Study Results: The distribution of demographic characteristics and laboratory findings are shown in Table 1. The study found that plasma glucose levels were significantly lower in normal subjects than in subjects with abnormal glucose levels (IFG or OGTT) and even lower in subjects with abnormal glucose levels than in patients with diabetes (P< 0.001). Mean HbA1c values were significantly higher in patients with diabetes than in all other categories: 7.04% versus normal glucose- 4.98%, IFG- 5.42%, and IGT- 5.12% (P< 0.001). Table 2 shows the distribution of HbA1c values according to the diagnostic classification. Patients with HbA1c values above 6.37% had DMII, where none of the patients with a HbA1c below 4.22% had diabetes. Patients with HbA1c values ranging from 4.56% to 6.37% were considered to have IFG. Table 3 shows the validity for the different cutoff values of HbA1c in establishing a diagnosis of DMII. The study found that the validity of the HbA1c cutoff points increased markedly as the percentage value increased. From this table we can conclude that if a HbA1c value is > 5.94% (mean, +3SD), the diagnosis of DMII is reliable and accurate in 93% of the cases. Table 4 shows the diagnostic validity of a combined strategy of FPG and HbA1c values: patients were considered to have DMII when FPG > 125 mg/dL, or when FPG >110 mg/dL and HbA1c was greater than the cutoff value. Maximal efficacy (93% GV) was found for HbA1c > 5.94% (x +3SD), with a sensitivity of 92.2% and a specificity of 95.1%. (4)

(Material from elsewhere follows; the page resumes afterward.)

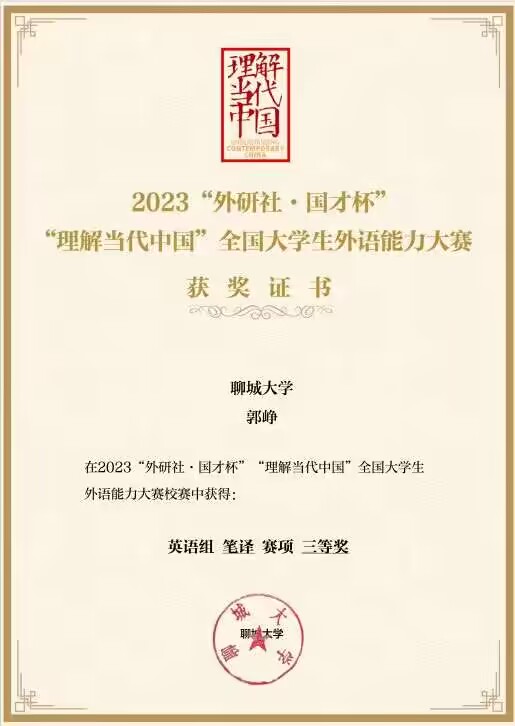 热烈祝贺beats365唯一官网入口官网郭峥同学荣获2023“外研社·国才杯”“理解当代中国”全国老员工外语能力大赛英语组笔译赛项三等奖
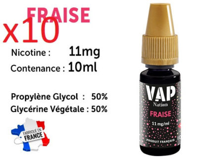 10 flacons e-liquides Vap Nation fraise 11mg/ml de nicotine

Study Critique: It has been confirmed that the relationship between circulating glucose values and the onset of chronic complications exists. Thus, it is logical for the diagnosis of DMII to be based on glucose values. One of the main problems in this particular study was to define and establish a cutoff point for this continuous quantitative variable. This study analyzed different cutoff points for the whole sample of patients at risk for DMII. When HbA1c values > 5.51% (x +2SD), were used for the cutoff point for diagnosis of DMII, the sensitivity (76%) and specificity (85%) were acceptable. However, when a higher cutoff point was used, specificity increased, but only at the expense of reduced sensitivity. Due to this situation, the study designed a strategy for diagnosis based on the FPG values and the validity of HbA1c. (4) Level of Evidence: 1c

Study #2: Comparison of A1c and Fasting Glucose Criteria to Diagnose Diabetes Among U.S. Adults

Study Design: This study included participants from the 1999-2006 National Health and Nutrition Examination Survey. Participants included 6,890 adults (>20 years of age), without a self-reported history of diabetes. The subjects attended a morning examination, fasted for > 9 hours at the time of their blood collection, and had valid plasma glucose and HbA1c values taken. Participants were categorized into one of the four groups by presence or absence of fasting plasma glucose > 126 mg/dL and HbA1c > 6.5%. The distribution of the population into these groupings was determined and the K statistic value was calculated. Also, the distribution of U.S. adults by fasting glucose and different HbA1c cutoff points (6.0-6.7%) were calculated. The objective for this study was to compare A1c and fasting glucose for the diagnosis of diabetes among U.S. adults. (6)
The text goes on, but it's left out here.